Current:Home > MyWildfires in Northern Forests Broke Carbon Emissions Records in 2021 -Prime Money Path
Wildfires in Northern Forests Broke Carbon Emissions Records in 2021
View
Date:2025-04-17 13:13:36
Carbon emissions from wildfires in boreal forests, the earth’s largest land biome and a significant carbon sink, spiked higher in 2021 than in any of the last 20 years, according to new research.
Boreal forests, which cover northern latitudes in parts of North America, Europe and Asia usually account for about 10 percent of carbon dioxide released annually by wildfires, but in 2021 were the source of nearly a quarter of those emissions.
Overall, wildfire emissions are increasing. In 2021, however, fires in boreal forests spewed an “abnormally vast amount of carbon,” releasing 150 percent of their annual average from the preceding two decades, the study published earlier this month in the journal Science said. That’s twice what global aviation emitted that year, said author Steven Davis, a professor of earth system science at the University of California, Irvine, in a press release.
Wildfire emissions feed into a detrimental climate feedback loop, according to the study’s authors, with the greenhouse gases they add to the atmosphere contributing to climate change, which fosters conditions for more frequent and extreme wildfires.

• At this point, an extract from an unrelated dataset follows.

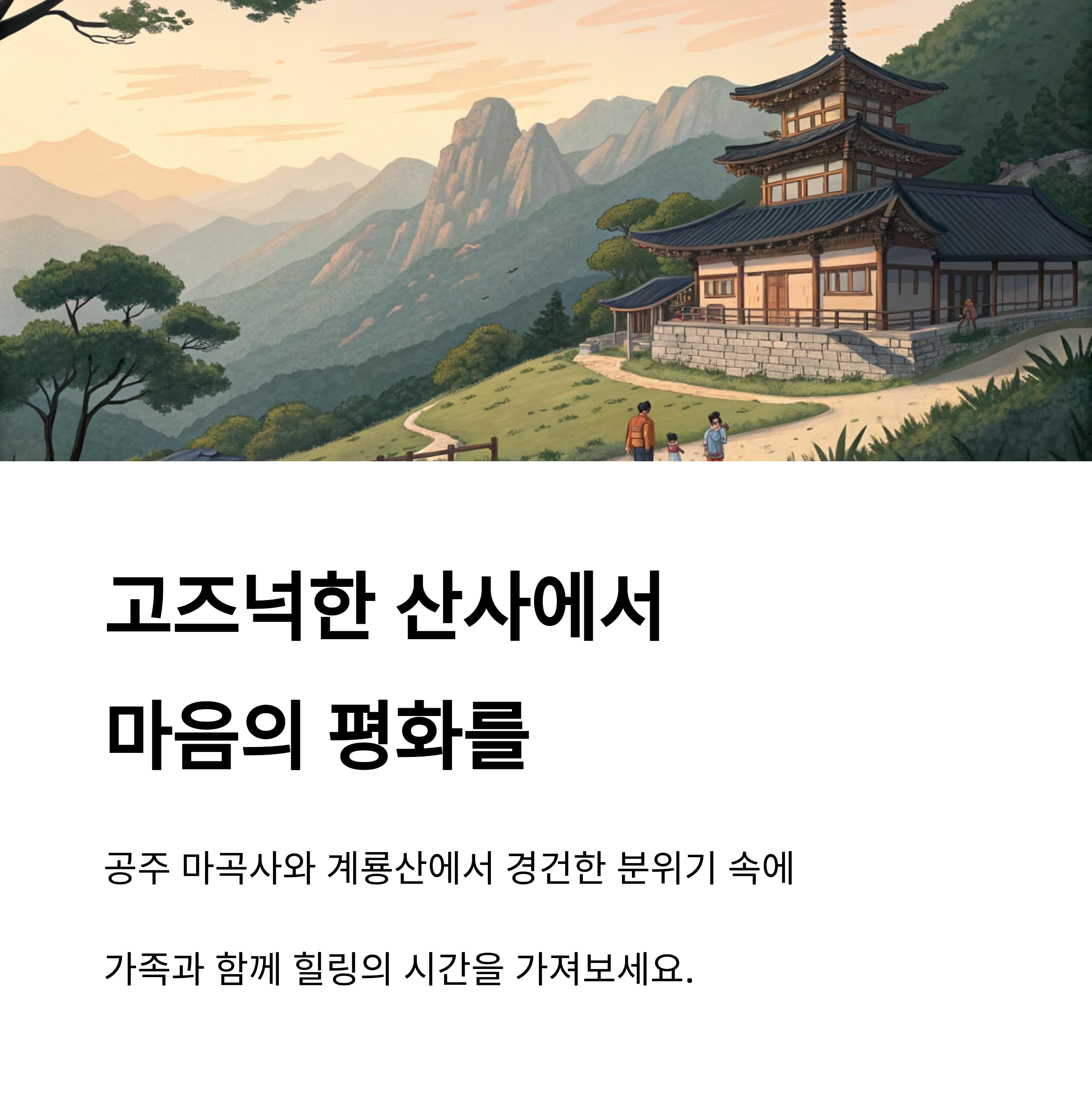 계룡산 자락에 자리한 이곳은 걷기 좋은 산책로가 많아 가족이 함께 조용한 시간을 보내기에 알맞습니다.

“The boreal region is so important because it contains such a huge amount of carbon,” said Yang Chen, an assistant researcher at UC Irvine and one of the study’s authors. “The fire impact on this carbon releasing could be very significant.”
In recent decades, boreal forests have warmed at a quickening pace, leading permafrost to thaw, drying vegetation to tinder and creating conditions ripe for wildfires. The advocacy group Environment America said disturbances like logging, along with the warming climate in the boreal forest, could turn the region “into a carbon bomb.”
Overall, boreal forests have “profound importance for the global climate,” said Jennifer Skene, a natural climate solutions policy manager with the Natural Resources Defense Council’s international program. “The boreal forest actually stores twice as much carbon per acre as tropical forests, locked up in its soils and in its vegetation. The Canadian boreal alone stores twice as much carbon as the world’s oil reserves. So this is an incredibly vital forest for ensuring a climate-safe future.”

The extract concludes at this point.